__Instructions to follow__
The exact lines of the listing, from its first through the line that contains "12月28日,天水市委讲师团", are to make up the answer, and pictures are to be left out.

__Supplied material__

----

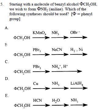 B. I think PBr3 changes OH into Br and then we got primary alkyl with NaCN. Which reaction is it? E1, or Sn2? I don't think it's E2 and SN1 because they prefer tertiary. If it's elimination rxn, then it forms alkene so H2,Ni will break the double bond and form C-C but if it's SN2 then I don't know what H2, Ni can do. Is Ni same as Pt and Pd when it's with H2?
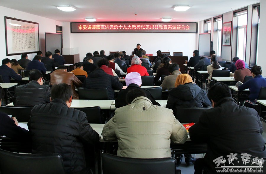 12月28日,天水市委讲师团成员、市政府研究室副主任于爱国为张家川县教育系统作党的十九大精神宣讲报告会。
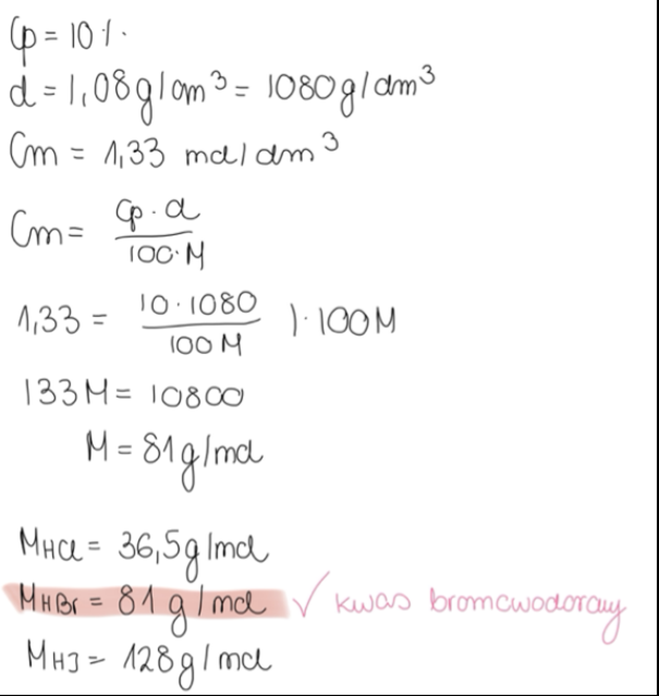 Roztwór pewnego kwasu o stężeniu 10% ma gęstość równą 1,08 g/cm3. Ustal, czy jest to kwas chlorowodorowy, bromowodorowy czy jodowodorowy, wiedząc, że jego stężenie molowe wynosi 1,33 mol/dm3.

----

__Answer section__
 B. I think PBr3 changes OH into Br and then we got primary alkyl with NaCN. Which reaction is it? E1, or Sn2? I don't think it's E2 and SN1 because they prefer tertiary. If it's elimination rxn, then it forms alkene so H2,Ni will break the double bond and form C-C but if it's SN2 then I don't know what H2, Ni can do. Is Ni same as Pt and Pd when it's with H2?
 12月28日,天水市委讲师团成员、市政府研究室副主任于爱国为张家川县教育系统作党的十九大精神宣讲报告会。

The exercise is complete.